Many baby boomers are the offspring of World War 2 veterans and are now beginning to realize that they do not know much about their family history. Genealogists often start their searches with birth, marriage, and death records to gather data. After those resources run out, where else can they search?
Much can be learned about our “greatest generation” from World War 2 military records. This is another important resource that should not be overlooked. But where do we go to find these records?
National Archives and Records Administration
The internet has exponentially increased the ease and availability of all these records, including World War 2 military records.
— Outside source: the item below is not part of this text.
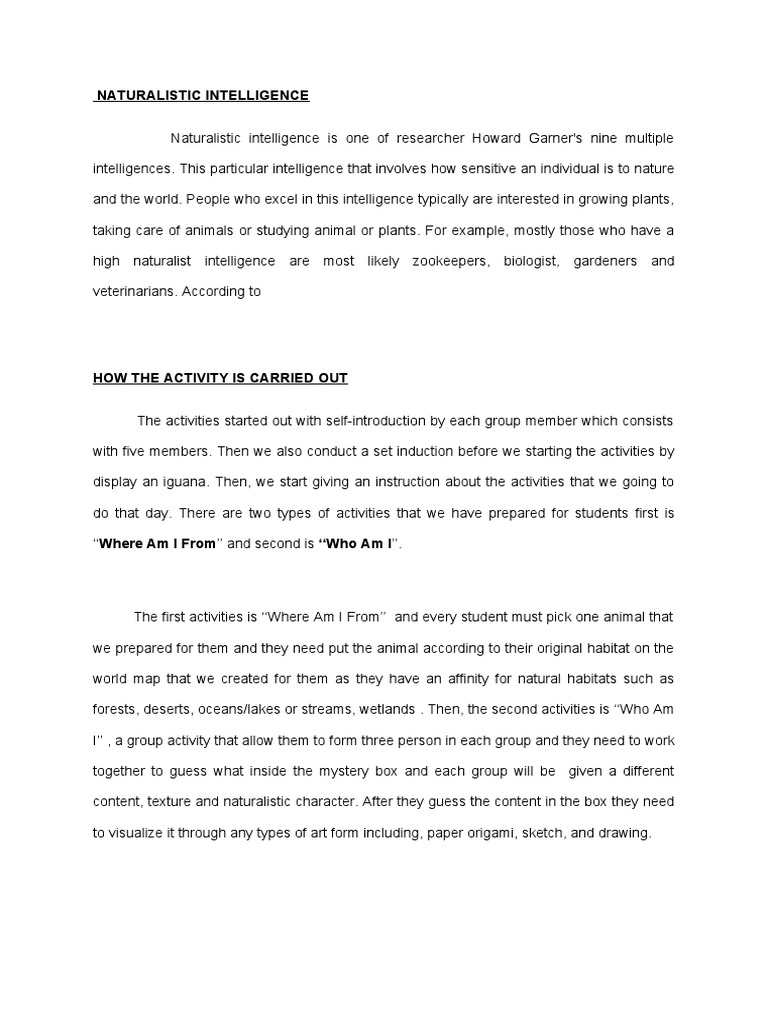 intelligences. This particular intelligence that involves how sensitive an individual is to nature
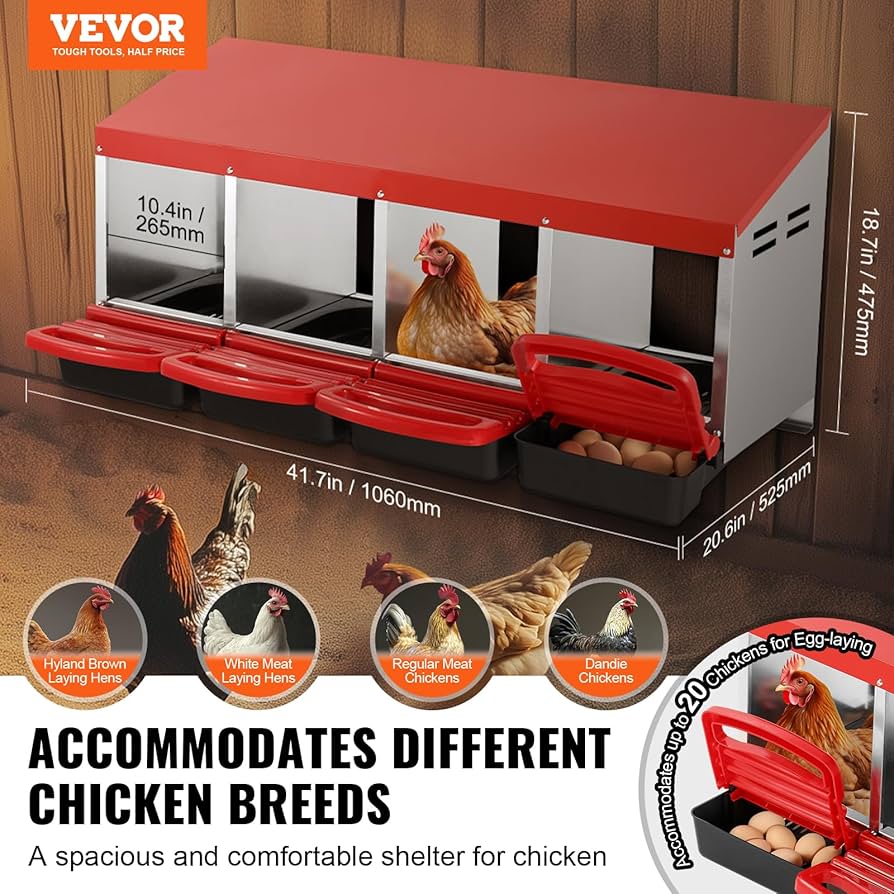 VEVOR Nido Per Polli 1060 X 525 X 475mm Nido Per Galline A 4 Scomparti Stabile Resistente Alla Corrosione Con Nidi Inclinati Fori Sul Fondo E Piattaforma Di Riposo Adatto A Diverse Razze Di Polli 85148784

One such source can be found at Archives.gov, the website for the National Archives and Records Administration (NARA). The United States government uses the NARA to store records that are deemed to be of legal or historical value. Genealogists and historians can use it to access records that may not be available through other sources. The NARA also stores such important and vital documents such as the Declaration of Independence, Constitution, and the Bill of Rights.
The National Personnel Records Center – Military Personnel Records
Part of NARA, The National Personnel Records Center, Military Personnel Records (NPRC-MPR) is a storehouse for millions of military records, including personnel, health, and medical records. Access to these records for veterans or next of kin is available at Vetrecs.archives.gov, and for all other requests you need to file a Standard Form 180 with the NPRC-MPR.
Another source for World War 2 military records can be found at Militaryindexes.com, an online guide geared to specifically help genealogists. Records from all US wars are available here, including databases of soldiers, rosters, military and war causalities.
Cyndi’s List is well-known to genealogists as an excellent compilation of resources on the internet from around the world. There is an entire section devoted to links for World War 2 information and records which is located at Cyndislist.com/worldwar2.htm.
There are also several other services available to access World War 2 military records, but require a fee. Ancestry.com has military records available, as well as a vast database of records from numerous sources. While there is a fee involved, they do a very good job of compiling a lot of data at one source. Ancestry does offer a free two-week trial, so be sure to block out some time so that you can make the best use of your trial.
Learn about the lives and stories of the World War II veterans now, while they are still alive and can share the emotional details of their personal experiences. If you have a loved one who has died, it’s still not too late to find information. Just get started right away!